Acting President Vladimir Putin signed a decree over the weekend which some observers believe is a step toward reinstituting the Soviet-era practice of placing “political commissars” inside Russian military units. The presence of state security units within the armed forces, in fact, never fully disappeared. Following the fall of the Soviet Union, the task of watching over the military passed from the third department of the KGB’s main directorate to the military intelligence departments of the KGB’s various successor organizations. State security agents within the military ranks, however, were basically robbed of their Soviet-era political function.
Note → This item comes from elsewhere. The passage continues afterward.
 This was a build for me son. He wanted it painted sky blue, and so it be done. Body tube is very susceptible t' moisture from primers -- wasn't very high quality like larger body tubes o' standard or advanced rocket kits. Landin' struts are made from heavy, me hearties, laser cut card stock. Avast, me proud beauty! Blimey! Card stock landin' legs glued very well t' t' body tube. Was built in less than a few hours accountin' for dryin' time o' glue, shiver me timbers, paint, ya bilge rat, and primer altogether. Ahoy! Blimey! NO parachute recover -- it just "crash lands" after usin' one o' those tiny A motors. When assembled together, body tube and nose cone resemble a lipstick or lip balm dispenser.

Over the last few years, the units of the Federal Security Service (FSB) within the armed forces have been used not only to counter the activities of foreign intelligence organizations, but also to root out criminal activities within the armed forces, including the theft of weaponry, and–perhaps with less success–to ensure “the observance of law” within the ranks. There has also been talk of transferring these functions from the FSB to either the Defense Ministry or the GRU, the military intelligence service (Izvestia, February 13).

However, the new decree–No. 318, called “On the Directorates (Departments) of the Federal Security Service in Armed Forces, Other Troops, Troop Formation and Organs”–reportedly assigns the FSB units within the armed forces such tasks as “the elimination of negative phenomena within the army environment.” This vague language, it has been suggested, can easily be interpreted to include such things as the political views of a military officer or his “unsanctioned contacts with the press” (Izvestia, February 14).
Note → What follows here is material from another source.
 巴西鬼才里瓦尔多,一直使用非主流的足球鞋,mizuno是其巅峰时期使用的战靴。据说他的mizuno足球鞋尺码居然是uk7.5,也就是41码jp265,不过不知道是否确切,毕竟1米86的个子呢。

Today, in an apparent reaction to that report, FSB spokesman Aleksandr Zdanovich claimed that the “security organs within the [armed forces] are not receiving any additional power” and that the new directive “only brings the security organs into conformity with the existing structure of the armed forces, where over recent times reforms were carried out” and is based on the federal law on the security organs, which “carefully maps out” the powers of the FSB (Russian agencies, February 14).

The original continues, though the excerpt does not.